Mr. Lavrov will hold talk with senior government officials on ways of strengthening the relation with Russia
Russian Foreign Affairs Minister, Sergey Lavrov, has on Tuesday arrived in the Ethiopian capital, Addis Ababa, for a working visit.
It is Ethiopia’s Deputy Prime Minister and Foreign Affairs Minister, Demeke Mekonen, who received Russia’s top diplomat ( he has been serving as foreign minister since 2004) upon arrival at Bole International Airport.
A news update from the Ministry of Foreign Affairs of Ethiopia said that Mr. Lavrov will be holding consultations with high-level Ethiopian government officials on ways of strengthening the relations between Ethiopia and Russia.
Before his arrival in Ethiopia on Tuesday, Mr Lavrov visited Egypt, Uganda and the Republic of the Congo. Moscow is hosting Africa Youth Forum between July 26 and 28 – an event that brings together student activists and young leaders from across 29 African countries.
This is the second time Mr. Lavrov visited Ethiopia four years ago. In March 2018, he visited Ethiopia – with whom his country has well over a century of diplomatic ties – amid a worsening security crisis. An agreement was signed between Ethiopia and Russia to further strengthen their relationship.

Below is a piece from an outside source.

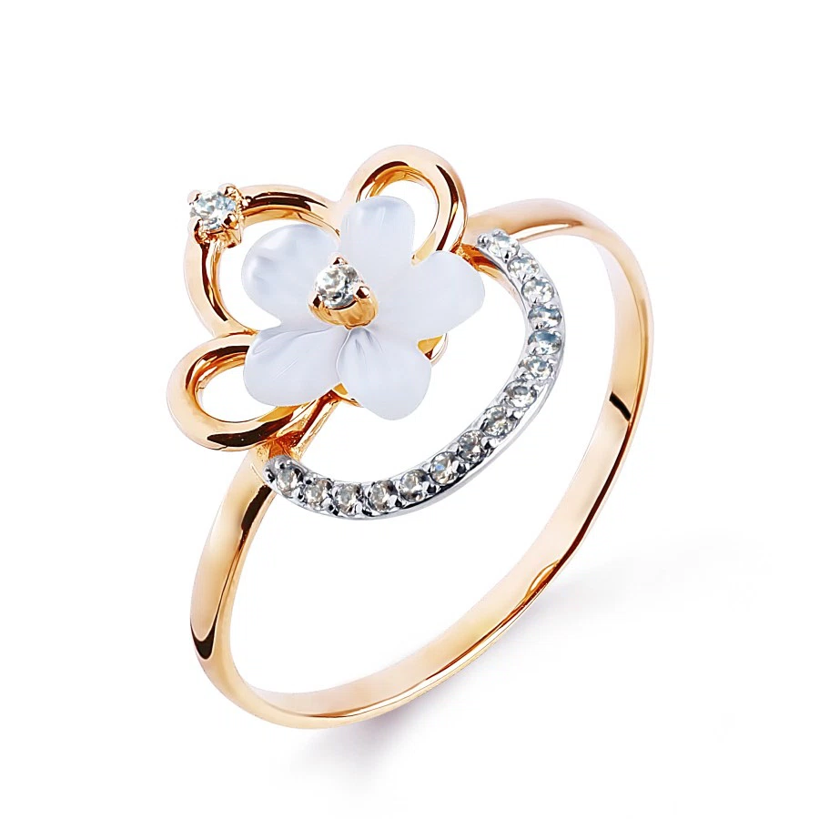 Кольцо с перламутром и фианитами золото 585 пробы DR14773 | Размер 18 (57)

Back then his visit came at a time when his U.S. counterpart was visiting Ethiopia too.
Last year, Ethiopian Foreign Affairs Minister, Demeke Mekonnen, visited Moscow on ways of strengthening bilateral ties amid increasing pressure on Ethiopia from western counties on alleged grounds of “blockade of humanitarian access to the Tigray region,” and due to the pressure in connection with the Grand Ethiopian Renaissance Dam (GERD).
Russia, like China, supported an African Union-led negotiation over the GERD.
At the Security Council, Russia and China argued against sanction regimes against Ethiopia due to the war with the Tigray People’s Liberation Front (TPLF).
Many Ethiopians tend to consider, based on conversations on social media, Russia as a true friend of Ethiopia.
There were even reports that thousands of Ethiopians have expressed interest in fighting on the side of Russia in the war with Ukraine. The Russian Embassy denied that Ethiopians were enlisted to fight alongside Russia.